# replacement for hijackthis?



## bradpark22 (Jun 11, 2011)

Hi hijackthis dont work on win 7. Is there someting on the net that replaced it?

thx


----------



## Cheeseball81 (Mar 3, 2004)

I take it you have 64 bit?


----------



## Phantom010 (Mar 9, 2009)

As mentioned by *Cheeseball81*, HijackThis doesn't support 64-bit operating systems. However, you can still use it if you know how to interprete the logs. Just ignore the *O23* entries with "*@*" signs.
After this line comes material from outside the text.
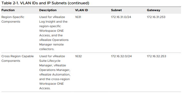 Next we have the networks that are going to be used by the vRealize Suite. Those two networks are Cross Region and Region Specific. The cross region is used for vRSLCM, vROPs, vRA, and Workspace ONE. The region specific network is used for Log Insight, region specific Workspace ONE and the remote collectors for vROPs.

They are Microsoft services not normally showing in a HijackThis log.

Also, HijackThis will only show running processes for one user (Windows 7 and Vista).

If Windows is denying access to the Hosts file, run HijackThis as Administrator or *disable the UAC* first.


----------



## Phantom010 (Mar 9, 2009)

You can replace HijackThis with the following free programs from Sysinternals:

*Process Explorer* (for running processes)

*Autoruns*


----------



## flavallee (May 12, 2002)

Make sure you have version *2.0.4* and not an older version.

Also follow Phantom010's instructions for UAC.

--------------------------------------------------------------


----------



## Phantom010 (Mar 9, 2009)

Version 2.0.4 has never worked correctly on my computer with Windows XP. I'm still using version 2.0.2, which is just about the same.

Version 2.0.4 doesn't feature any major improvement over 2.0.2, other than showing Windows 7 instead of Unknown, or showing *O22 *entries in every log, no matter if they have been altered or not (which would show in version 2.0.2, only if they had been altered), there's nothing new or better, nor any real reason to upgrade.

Unfortunately, Trend Micro has abandoned development for HijackThis.

But, I normally agree with flavallee on this. You should generally make sure you have the latest software versions. This is especially true for security applications.


----------



## flavallee (May 12, 2002)

Version 2.0.4 works fine in my XP computers. 

I'm saddened to hear that Trend Micro has dropped development of HiJackThis. I was hoping to see version 2.0.5 or 2.0.6 in the near future.

What's the best and most user-friendly alternative to HiJackThis?

-------------------------------------------------------------


----------



## Phantom010 (Mar 9, 2009)

flavallee said:


> Version 2.0.4 works fine in my XP computers.
> 
> What's the best and most user-friendly alternative to HiJackThis?
> 
> -------------------------------------------------------------


I'm still recommending HijackThis 'cause it's quite simple to use and helps me analyze many problems on the forum. It shows a lot more than malware. HijackThis doesn't show much when it comes to malware anyway.

There are other programs, like Process Explorer and Autoruns which will give you basically the same thing and a lot more.

There are also other tools I'd definitely like to use here on TSG but only malware removal experts are allowed to use them on the forums.


----------



## flavallee (May 12, 2002)

I focus more on threads with Windows XP and Windows Vista/7(32-bit) than on threads with Windows Vista/7(64-bit), so I guess I'll keep using HiJackThis for now.

-------------------------------------------------------------


----------



## Phantom010 (Mar 9, 2009)

flavallee said:


> I was hoping to see version 2.0.5 or 2.0.6 in the near future.


On Trend Micro's website, they're still showing version *2.0.5 (Beta)*, which is really *2.0.4*. I've sent them multiple messages about it, along with many bug reports about 2.0.4, and they will not reply, ever! Quite frankly, I would never buy anything from Trend, with that poor excuse of a customer support...


----------



## flavallee (May 12, 2002)

Yep, I noticed.

--------------------------------------------------------------

bradpark22, you still with us?

-------------------------------------------------------------


----------



## Phantom010 (Mar 9, 2009)

flavallee said:


> I'm saddened to hear that Trend Micro has dropped development of HiJackThis. I was hoping to see version 2.0.5 or 2.0.6 in the near future.


Well, actually, I have never seen any official release about HijackThis development being abandoned. However, since Trend Micro isn't commenting in any way or have never bothered fixing the mix up between 2.0.5 (Beta) and 2.0.4, nor coming up with 64-bit operating system support, I can only assume they have abandoned HijackThis a long while ago. They will not answer my emails nor care to give us explanations. :down:

When a company cannot afford to develop free software, they could at least consider charging a fee for it? Why not make helpers pay a reasonable fee for the program's license, which in turn they could make available to members for free? Members could download the program and run it for a maximal number of times, like maybe 10 for instance, or whatever it takes to solve a problem on the forums?


----------